La question qui se pose alors concerne les
mécanismes économiques qui sont derrière ces faits
stylisés, autrement dit les moteurs de la croissance. Le débat
à l'origine du corpus des théories modernes
élémentaires a longtemps oscillé entre la création
des ressources et leur allocation. Ces théories abordent la dynamique
d'équilibre, les comportements concurrentiels, le lien entre les
rendements décroissants et l'accumulation du capital, la relation entre
le revenu par tête et l'accroissement de la population, ainsi que le
rôle du progrès technique et l'influence des monopoles. Rappelons
que la première théorie moderne émane de Solow (1956) qui
explique dans son modèle que la croissance provient d'un facteur
exogène, à savoir la technologie.
Dans les années 80, l'intérêt pour
les théories de la croissance s'est ravivé suite aux travaux de
Romer et Lucas qui ont intégré l'innovation et le capital humain
au coeur de la problématique de la croissance.
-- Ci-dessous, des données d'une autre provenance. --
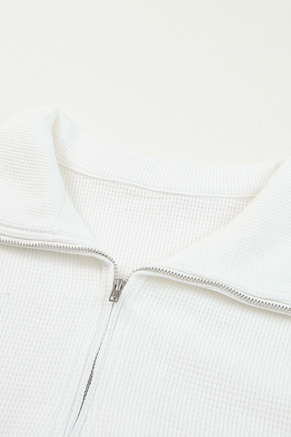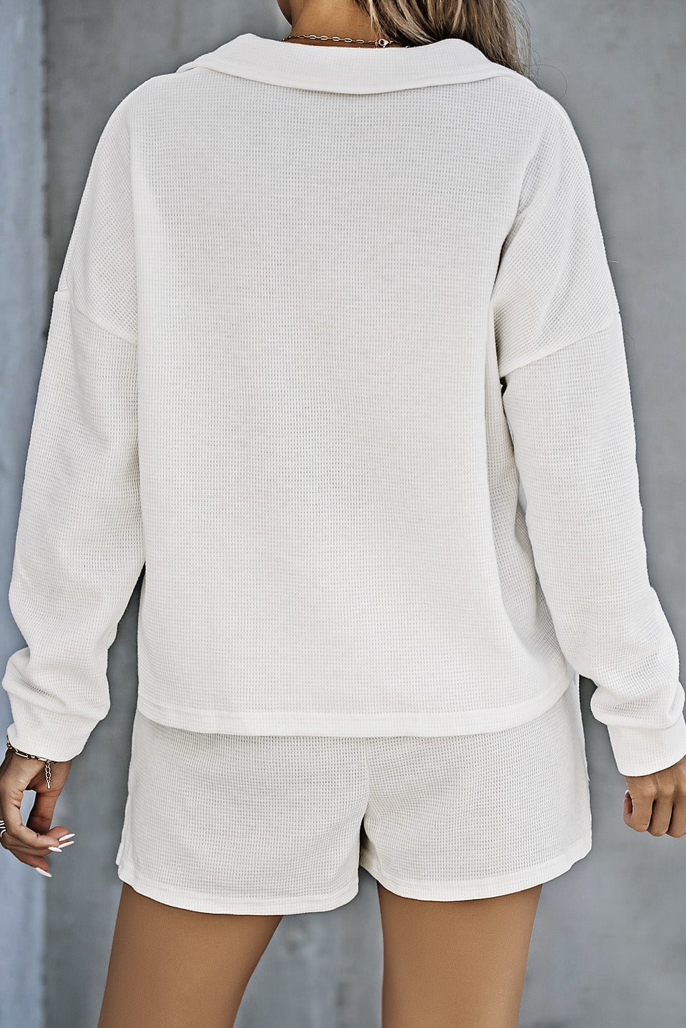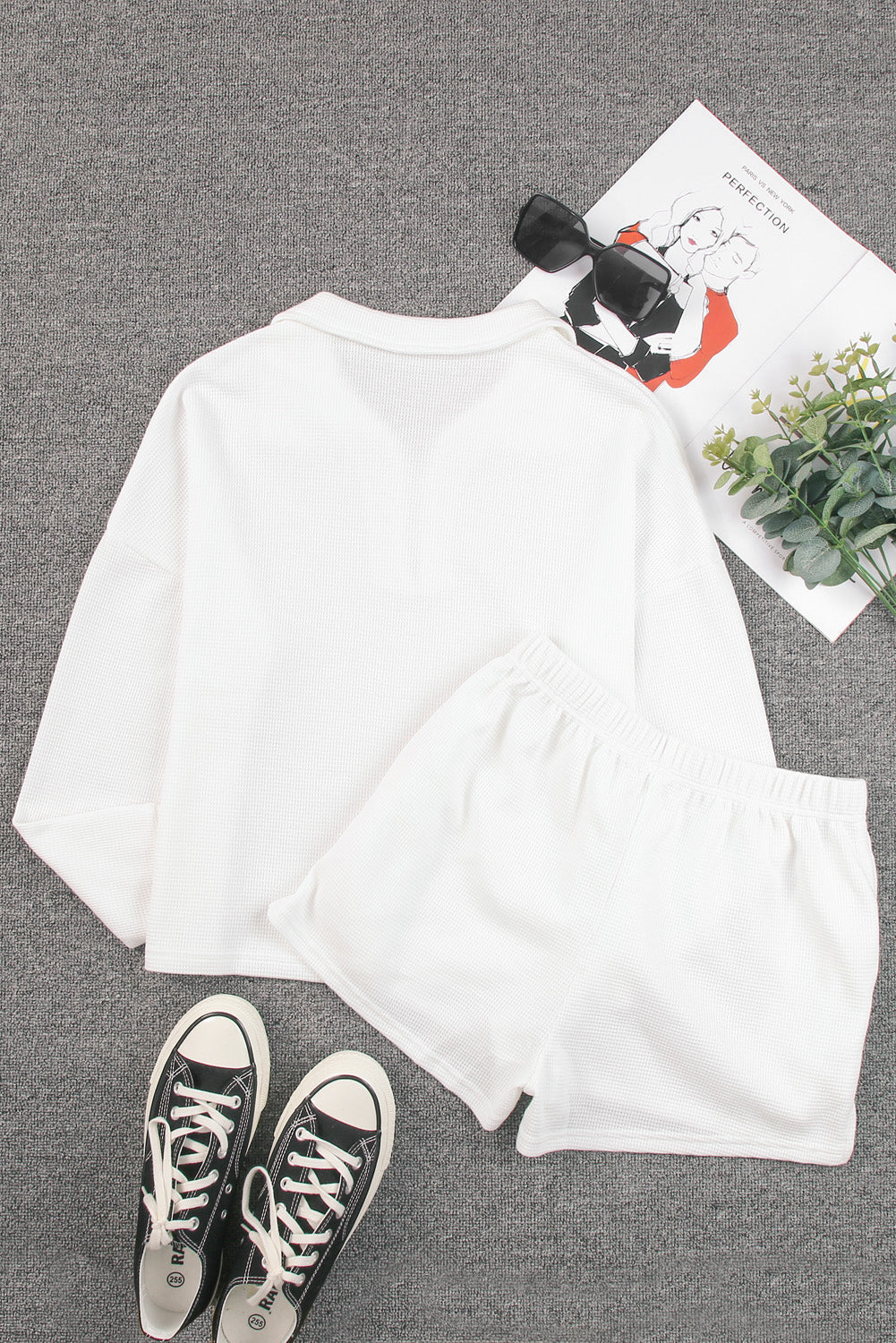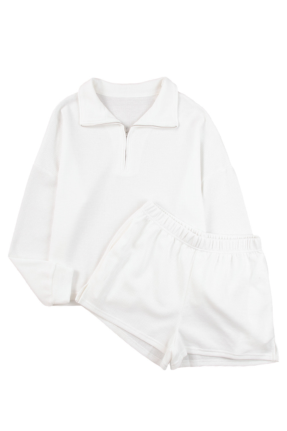 Ribbed Zipper Sweatshirt and High Waist Shorts Set
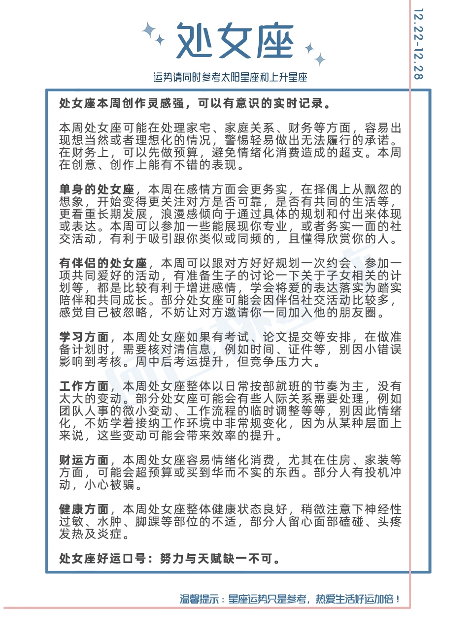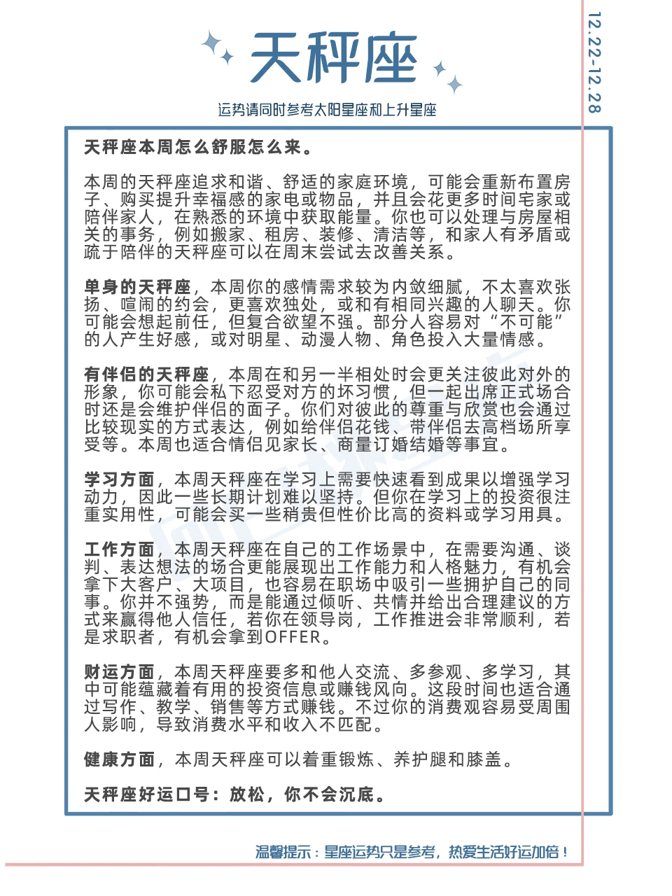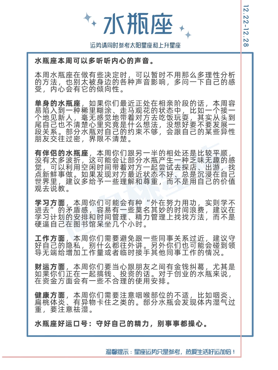 温馨提示:星座运势只是参考,热爱生活好运加倍! 星座
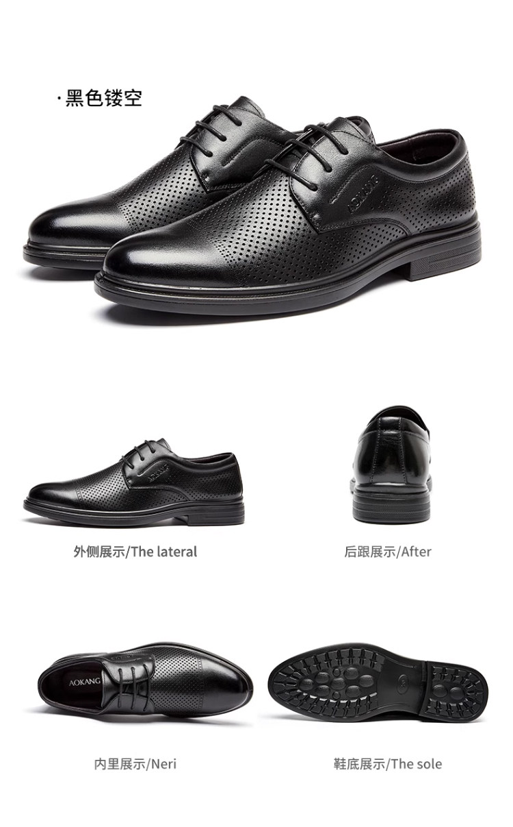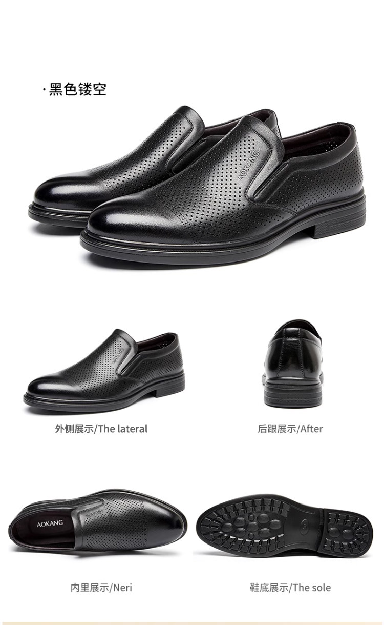 Aokang Men's Sandals 2026 Summer Hollow Breathable Genuine Leather Business Formal Men's Soft Sole Leather Shoes Large Size Clogs

Il s'agit des
théories de la croissance endogène. Par ailleurs, une analyse
plus fine a permis de faire apparaître la nature particulière des
idées en tant que bien économique, source de rendements
d'échelle croissants. L'innovation ne pouvant être produite que
dans une structure en concurrence imparfaite, les prix sont alors fixés
de manière à couvrir les coûts marginaux. Cet écart
récompense l'invention et stimule la dynamique de
croissance.
Toutefois, les hypothèses des modèles de
croissance endogène ont fait l'objet de sérieuses critiques,
notamment par Darreau (2003). Elles introduisent des restrictions qui
contraignent les paramètres à avoir des valeurs numériques
particulières et supposent la linéarité de la fonction de
production du facteur stimulant la croissance. Si ces modèles
prônent les solutions d'état régulier, c'est tout d'abord
pour une raison méthodologique car, après tout, quelle serait la
signification d'une perspective de croissance à taux décroissant
ou fluctuant ? L'autre raison est empirique et a pour but d'expliquer les
raisons de la croissance des pays développés depuis deux
siècles à un taux approximativement constant de 2,5%.